- DESCRIPTION OF THE TASK: Leaving out each picture, transcribe the lines of the listing below exactly from the first through the line that contains "위 물건으로 단순하게".

- DATASET CONTENT:
>>>>>

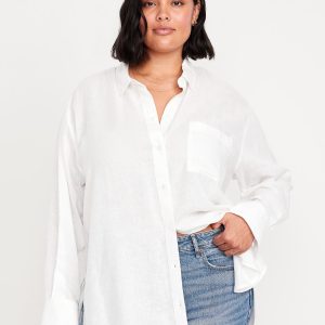 Linen-Blend Loose Button-Down Shirt: spread collar, long sleeves, buttoned cuffs, full-button front, patch chest pocket, curved hi-lo hem, all-over sun print, #745082
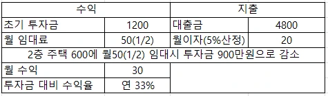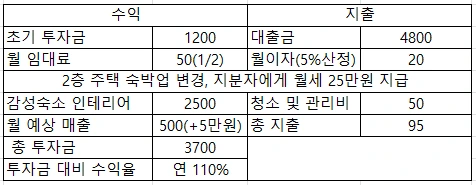 위 물건으로 단순하게 임대료만 받는것과 2층에서 숙박업을 했을때 등으로 표를 만들어 보았습니다.
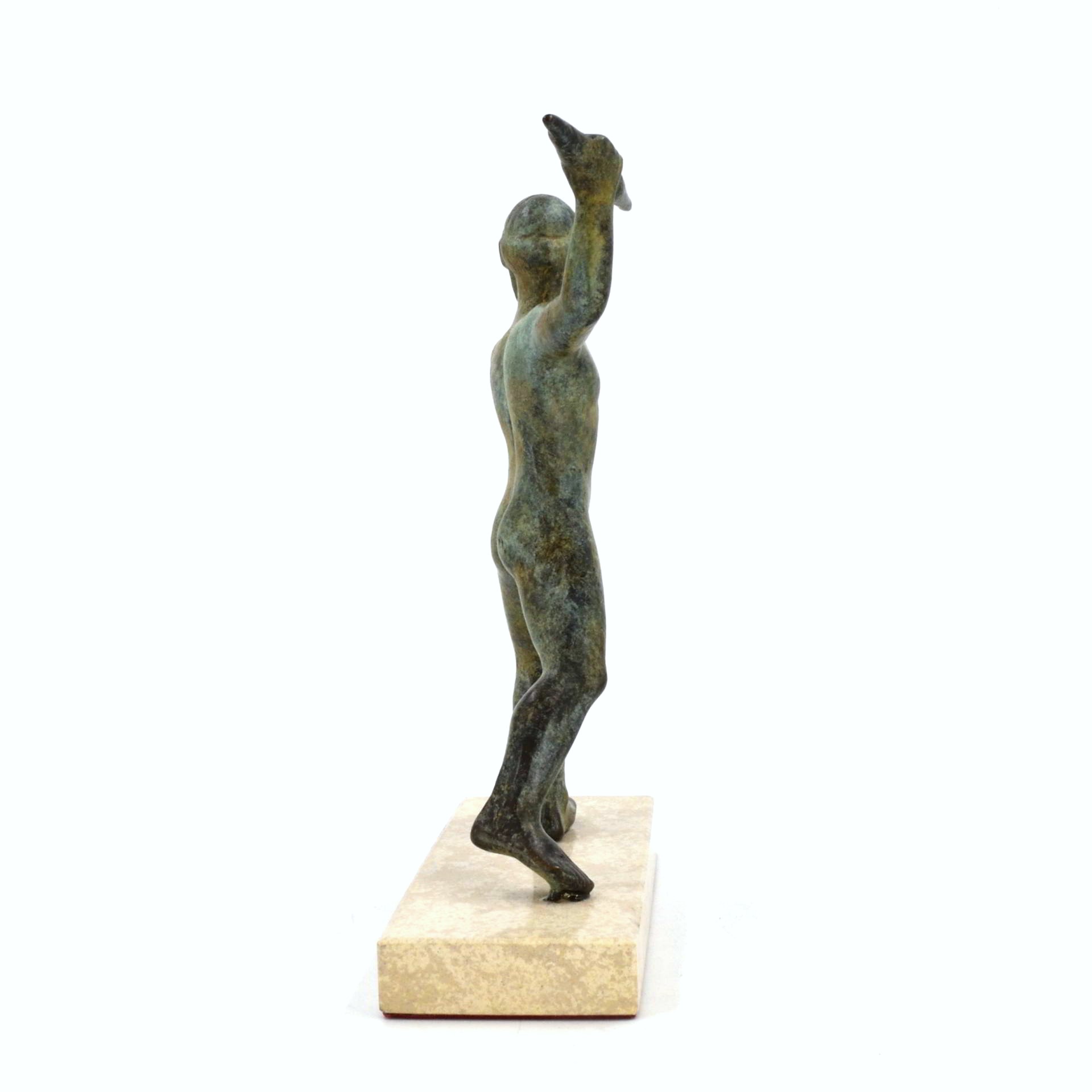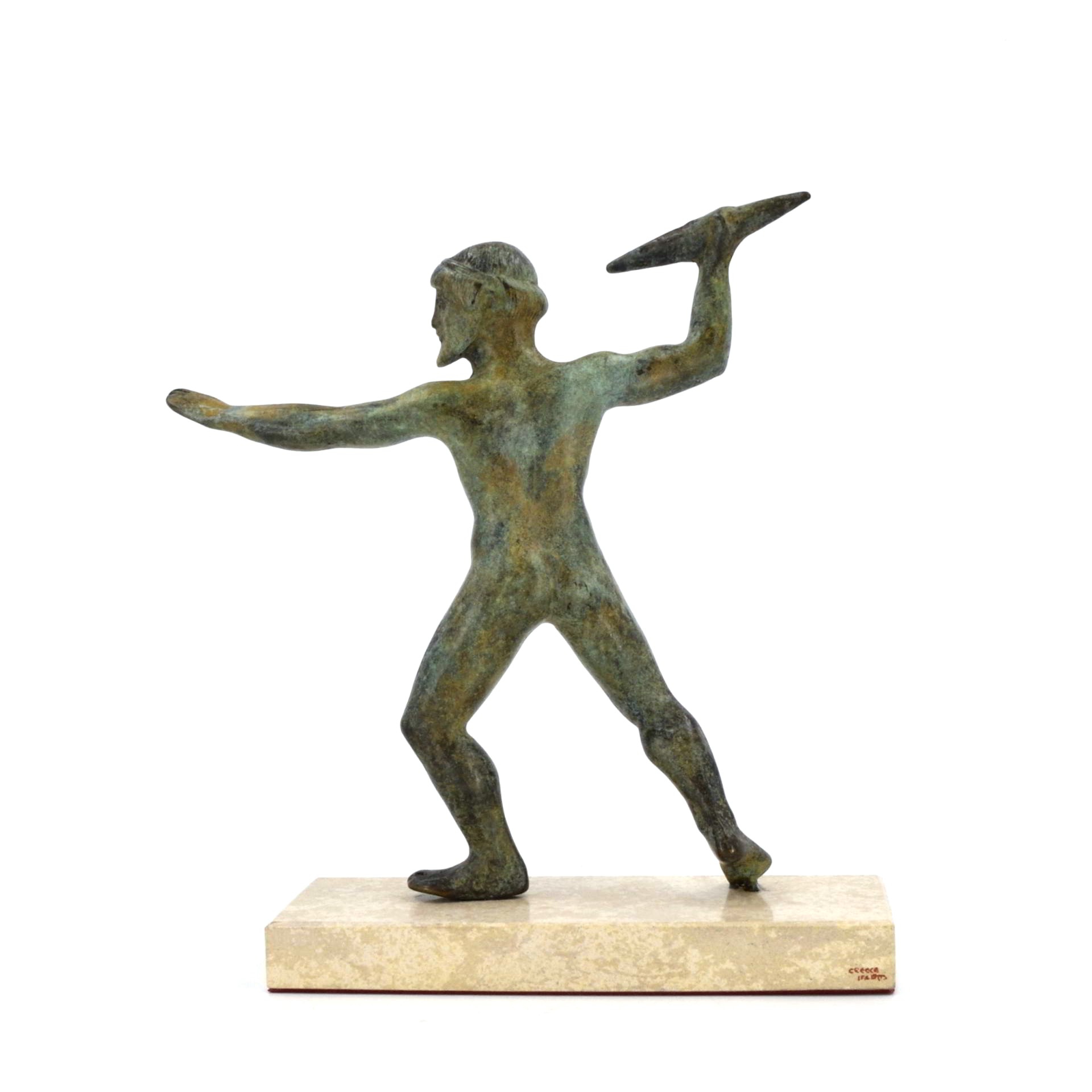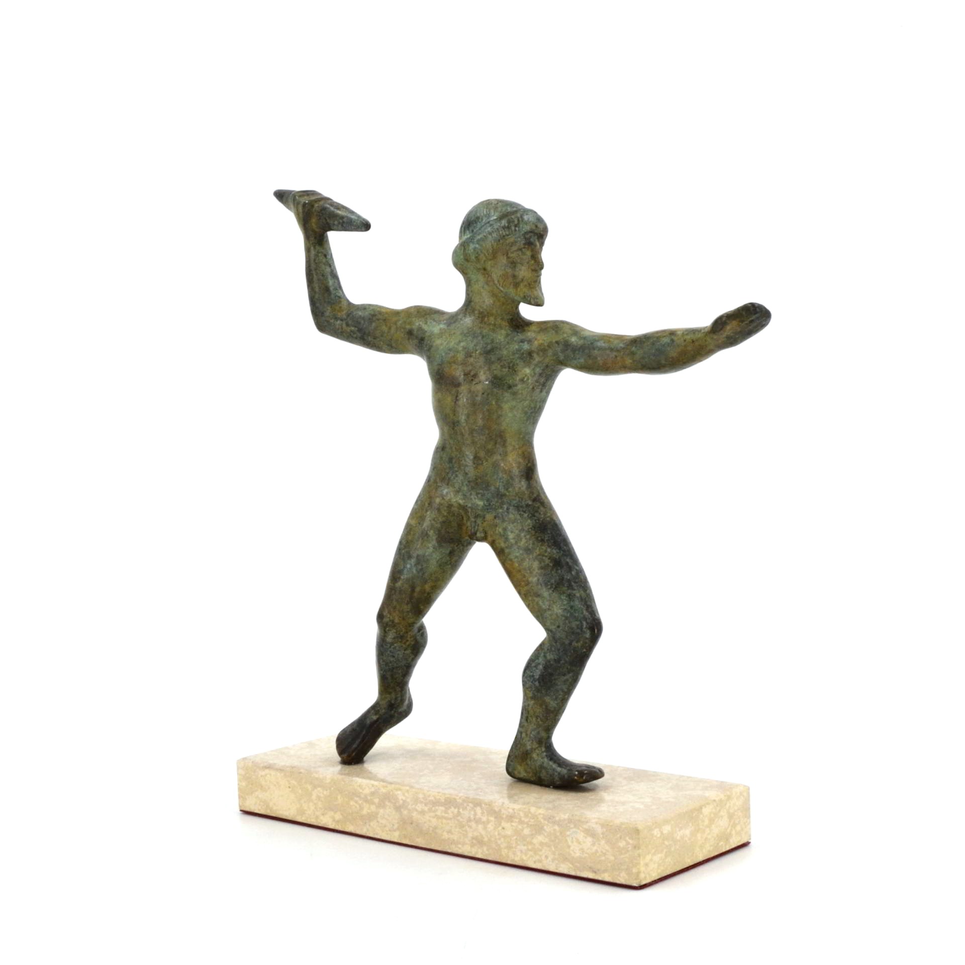 Replica of the Early Classical Zeus Aigiochos from Dodona (c. 480 BC), depicting the thunderbolt-bearing king of the Greek gods in dynamic stride.

<<<<<

- TASK OUTPUT:
 Linen-Blend Loose Button-Down Shirt: spread collar, long sleeves, buttoned cuffs, full-button front, patch chest pocket, curved hi-lo hem, all-over sun print, #745082
 위 물건으로 단순하게 임대료만 받는것과 2층에서 숙박업을 했을때 등으로 표를 만들어 보았습니다.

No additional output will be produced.